Капитан Немо оборвал фразу угрожающим жестом. Потом, обращаясь прямо ко мне и как бы желая отвлечься от мрачных мыслей, спросил:

– Господин Аронакс, известна ли вам глубина океана?

– Известны результаты измерений, капитан!

– А каковы цифровые данные измерений? При случае я мог бы их проверить.

– Цифровые данные, насколько я помню, таковы… – отвечал я. – Если не ошибаюсь, средняя глубина в северной части Атлантического океана, согласно измерениям, достигает восьми тысяч двухсот метров, а в Средиземном море двух тысяч пятисот метров. Самые замечательные промеры были сделаны в южной части Атлантического океана, приблизительно на тридцать пятом градусе широты. Результаты: двенадцать тысяч метров, четырнадцать тысяч девятьсот один метр и пятнадцать тысяч сто сорок девять метров. Короче говоря, если бы ложе мирового океана было приведено к одному уровню, средняя океанская глубина исчислялась бы приблизительно в семь километров.

– Отлично, господин профессор, – отвечал капитан Немо. – Надеюсь дать вам более точные показатели. Что касается средней глубины данной части Тихого океана, то могу вам сообщить, что она не превышает четырех тысяч метров.

Сказав это, капитан Немо направился к люку и сошел вниз по железной лесенке. Я последовал за ним. Винт почти в ту же минуту пришел во вращение, и лаг показал скорость двадцать миль в час.

Проходили дни, проходили недели, а капитан Немо не баловал меня своими посещениями. Я встречался с ним очень редко. Помощник капитана каждое утро аккуратнейшим образом отмечал на карте курс корабля, и я мог с точностью определить местонахождение «Наутилуса».

Консель и Ленд проводили со мной целые часы. Консель рассказывал своему другу о том, какие чудеса довелось ему увидеть во время нашей подводной прогулки, и канадец сожалел, что не принял в ней участия. А я утешал его, уверяя, что еще не раз случится нам посетить океанские леса.

Почти каждый день на несколько часов железные створы в салоне раздвигались, и нам предоставлялось право проникать в тайны подводного мира.

«Наутилус» держал курс на юго-восток и шел на глубине ста – ста пятидесяти метров под уровнем океана. Но однажды, по прихоти капитана, судно погрузилось в глубинные воды на две тысячи метров. Стоградусный термометр показывал 4,25 o – температура, как будто свойственная этим глубинам под всеми широтами.

Двадцать шестого ноября, в три часа утра, «Наутилус» пересек тропик Рака под 172 o долготы. 27 ноября мы миновали Сандвичевы острова, где 14 февраля 1779 года погиб знаменитый капитан Кук.

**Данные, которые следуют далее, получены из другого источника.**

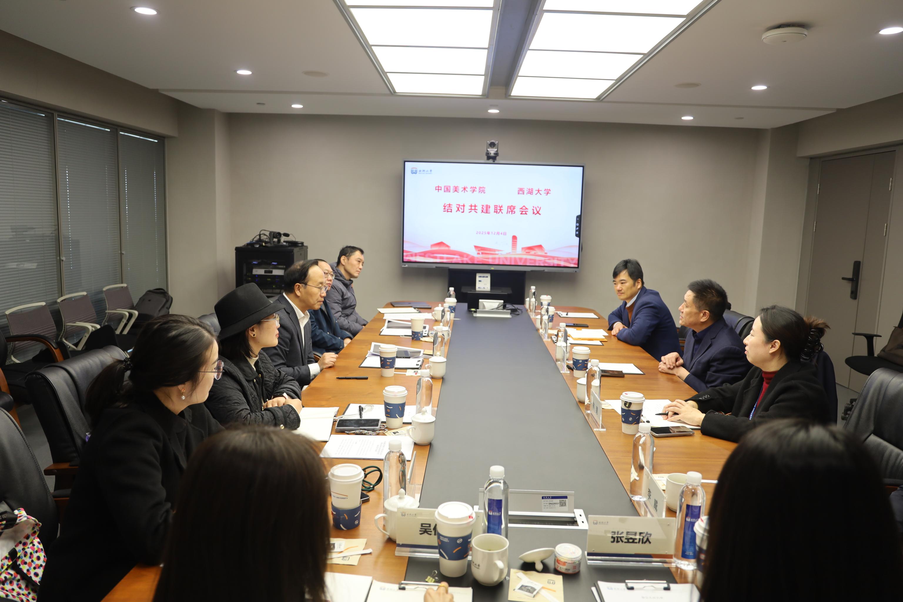 12月4日上午,西湖大学与中国美术学院党建引领全面共建联席会议在西湖大学云谷校区召开。本次会议由两校党委书记共同召集,相关党委部门负责人、结对的二级党组织书记参加。
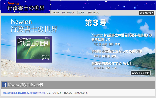 第3号のコンテンツは、(1)Newton「行政書士の世界」(電子書籍版)の刊行に際して(2)行政書士登録にあたっての選択肢(3)結婚契約書のすすめVol.3(4)建設業許可申請業務のあれやこれやVol.3(5)行政書士のインターネット営業術Vol.3(6)風俗営業許可業務のすべてVol.3(7)行政書士が『知的資産経営支援』に取り組むVol.3(8)行政書士の職務上請求Vol.2(9)海外取引Vol.2(10)入国管理今昔Vol.2(11)研修会「渋谷塾」におじゃましました(12)活躍する行政書士に聞きました(13)神奈川会遺言セミナー(14)回想録-NPO法人の役員変更の話が・・・(15)企画委員会のもよう。

Мы прошли, стало быть, четыре тысячи восемьсот шестьдесят лье со времени нашего путешествия. Утром, выйдя на палубу, я увидел, в двух милях под ветром, остров Гавайи, самый большой из семи островов, образующих Гавайский архипелаг. Я видел ясно возделанные поля, предгорья и цепи гор вдоль побережья, вулканы, над которыми господствует Мауна-Кеа, вздымающаяся на пять тысяч метров над уровнем моря. Сети, в числе многих образцов фауны этих мест, выловили несколько экземпляров веерообразной павонии, полипа чрезвычайно изящной формы, типичного обитателя этой части океана.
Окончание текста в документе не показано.